Why I write this blog

A few months ago, our neighbors Nina and Charlie asked if we were going to the informational meeting regarding the diocesan pilgrimage to Italy. At first, Marie and I were lukewarm to the idea; we had been to Italy on tours in the past. But after the informational meeting and much discussion, we decided to give it a go.

Fast forward to the pre-departure dinner at Our Lady of Peace: One of Father Ted Marconi’s comments that night stayed with me. He said, “Go to confession before you leave and I tell you, when you come back, you will see things in a different light.”

Boy was he right! This message is so simple: Clear your soul of any transgressions and you open a path for the Holy Spirit to enter.

The pilgrimage included visits to many religious sites, but just as important were the daily Masses we attended, sometimes in local parish churches. I found these to be important highlights of the pilgrimage.

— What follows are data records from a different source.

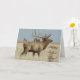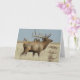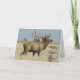 Bull Elk Herd Boss "capted" Karte. Dieses Foto eines riesigen Bullenelchs mit riesigen Antlers wurde an einem heißen Herbstnachmittag aufgenommen. Sie können die Hitzewellen im Hintergrund sehen.
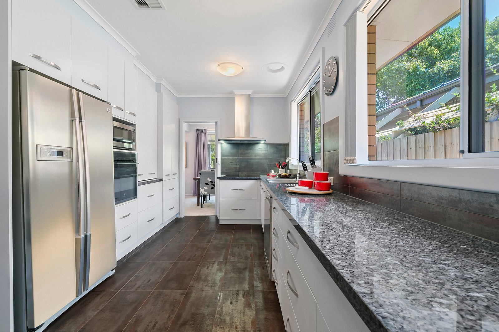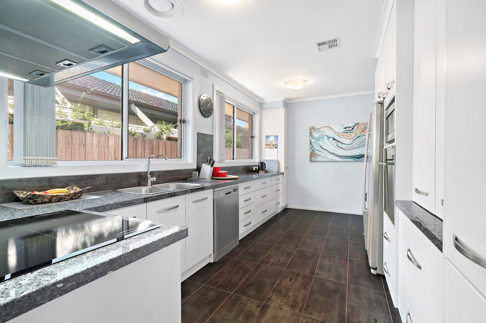 A modern kitchen impresses with its commercial sizing – big enough to fit its own dining table, and designed with granite benches, metallic floor tiles, an appliance cupboard and premium appliances including an induction cooktop.
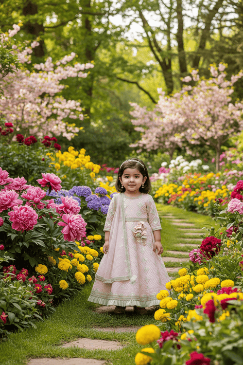 This trendy and super comfortable Pink Gota Green Net Frill Embroidery Anarkali set is sure to be her favourite pick for so many good reasons, the flared Anarkali is made of 100% cotton lining, it has full sleeves without lining and a round neck with zip at the back for ease of wear. Green net frills and pearls are finished with a detachable belt with tassels and come along with a net dupatta with silver finishing, all over the garment, has beautiful handcrafted floral motifs with gotta work.

I was honored—no, humbled—when I was asked to do a reading at the Mass we celebrated at the Duomo in Florence. Father Ted’s message was starting to work on me. Being at the lectern in the cathedral of Florence really hit me hard. It is a moment I shall never forget.

The next day it was on to Siena and Assisi. Assisi will always be something special to both me and my wife. Both of us went on the trip with special intentions. Suffice it to say they were heard.

During our private Mass at the tomb of St Francis, Father Ed Lohse’s homily said in so many words that we all are called to action. He hit a nerve with me and I fell into deep prayer. I have had the pleasure of being a catechist for confirmation candidates in the past. At that moment, I knew I had to carry on that ministry in some fashion.

The pilgrimage ended in Rome. Seeing Pope Francis in St. Peter’s Square was phenomenal. What a great faith we have! There we were in a crowd of 80,000 people from all over the world, but we were one body, gathered to see our leader at the seat of our faith. I’ve got to believe not everyone there was Catholic. It made me think of the line in the Apostles Creed that says “one, holy, catholic, and apostolic church.” The use of the word catholic here means universal. Christ came for all. This moment swelled my heart.

The pilgrimage did its job. It was a call to action. Now that some time has elapsed, I have decided to respond to my own call to action, launching a blog in which I will share thoughts, especially for young people, about what my faith means to me. Visit www.ErieRCD.org for the link. Hope to see you there!  A.M.D.G.

Editor’s note:  A.M.D.G stands for ad majorem Dei gloriam, for the greater glory of God. It is the Latin motto of the Jesuits, who had a profound impact on Frank Sciccatano during his formative years. Frank and Marie are long-time members of Holy Cross Parish in Fairview.